After another attempt to bombard the town into submission by land and sea, Nassau, irritated by the delay and out of favour as Potemkin discovered his devious manipulations of truth, stormed off to Warsaw. ‘His luck didn’t hold,’ Potemkin told Catherine.34

Joseph’s spy Ligne left too. Potemkin wrote him the ‘sweetest, tenderest, most naive’ goodbye. Ligne apologized for hurting his friend in an unpublished semi-legible note to the Prince – ‘Pardon, 1000 Pardons, my Prince’ – that has the air of a rejected lover on the eve of parting.35 Potemkin, ‘sometimes the best of men’, seemed to awaken out of a dream to say goodbye to Ligne: ‘he took me in his arms for a long time, repeatedly ran after me, started again and finally let me go with pain’. But when he reached Vienna Ligne told everyone that Ochakov would never be taken and set about ruining Potemkin’s reputation.36 So young Roger de Damas lost his two patrons. The Prince offered himself to replace them as ‘friend and protector’. Thus Potemkin, who went from ‘most perfect graciousness’ to ‘the most morose rudeness’ in seconds, inspired ‘gratitude, devotion and hatred at the same moment’.37

Catherine worried about her Prince’s glory and consort’s comfort: she sent him the commemorative dish and sword for the former, and a jewel and a fur coat for the latter.

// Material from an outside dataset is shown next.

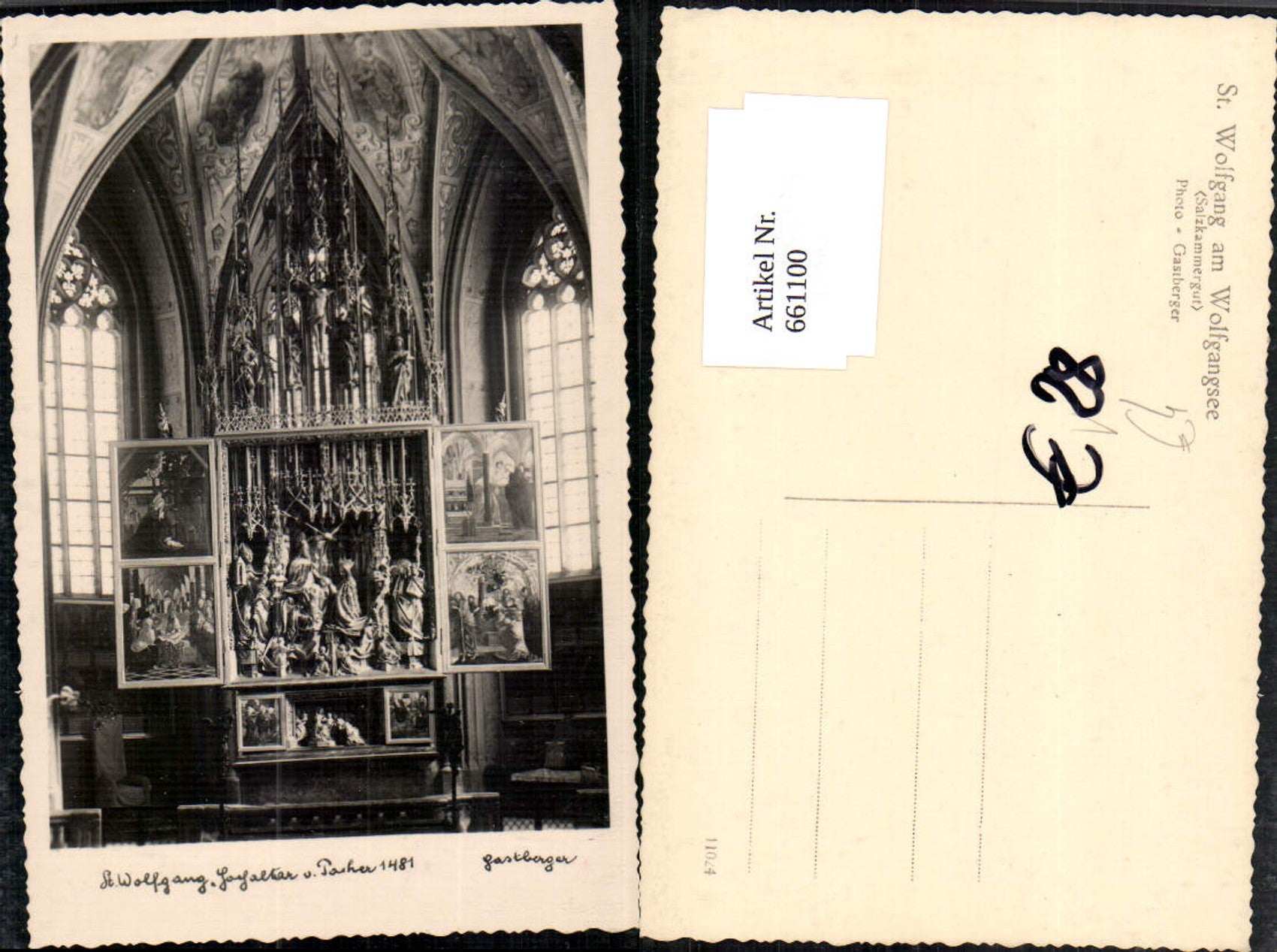 661100,Foto Ak St. Wolfgang im Salzkammergut Hochaltar v. Pacher pub Gastberger

Potemkin was delighted: ‘Thank you, Lady Matushka…’. The jewels showed ‘royal generosity’ and the fur displayed ‘maternal caring. And this’, he added with feeling, ‘is more dear to me than beads and gold.’38


The weather at Ochakov and the politics in Europe deteriorated together at the end of the October. The cold was now severe. When Potemkin inspected the trenches, he told the soldiers they did not need to rise at his approach: ‘Only try not to lie down before the Turkish cannons.’ Soon the sufferings of the army were ‘inconceivable’ in the snow and ice with temperatures of minus 15 degrees Centigrade. The men rolled up their tents and lived in burrows in the ground that shocked Damas, though actually these zemliankas were the traditional Russian way for the troops to camp in the cold. There was hardly any food, meat or brandy. Potemkin and Damas received the latest news from France. ‘Do you think that when your King has assembled the States-General…he will dine at the hour that pleases him?’ Potemkin asked him. ‘Hell, he will only eat when they are kind enough to permit it!’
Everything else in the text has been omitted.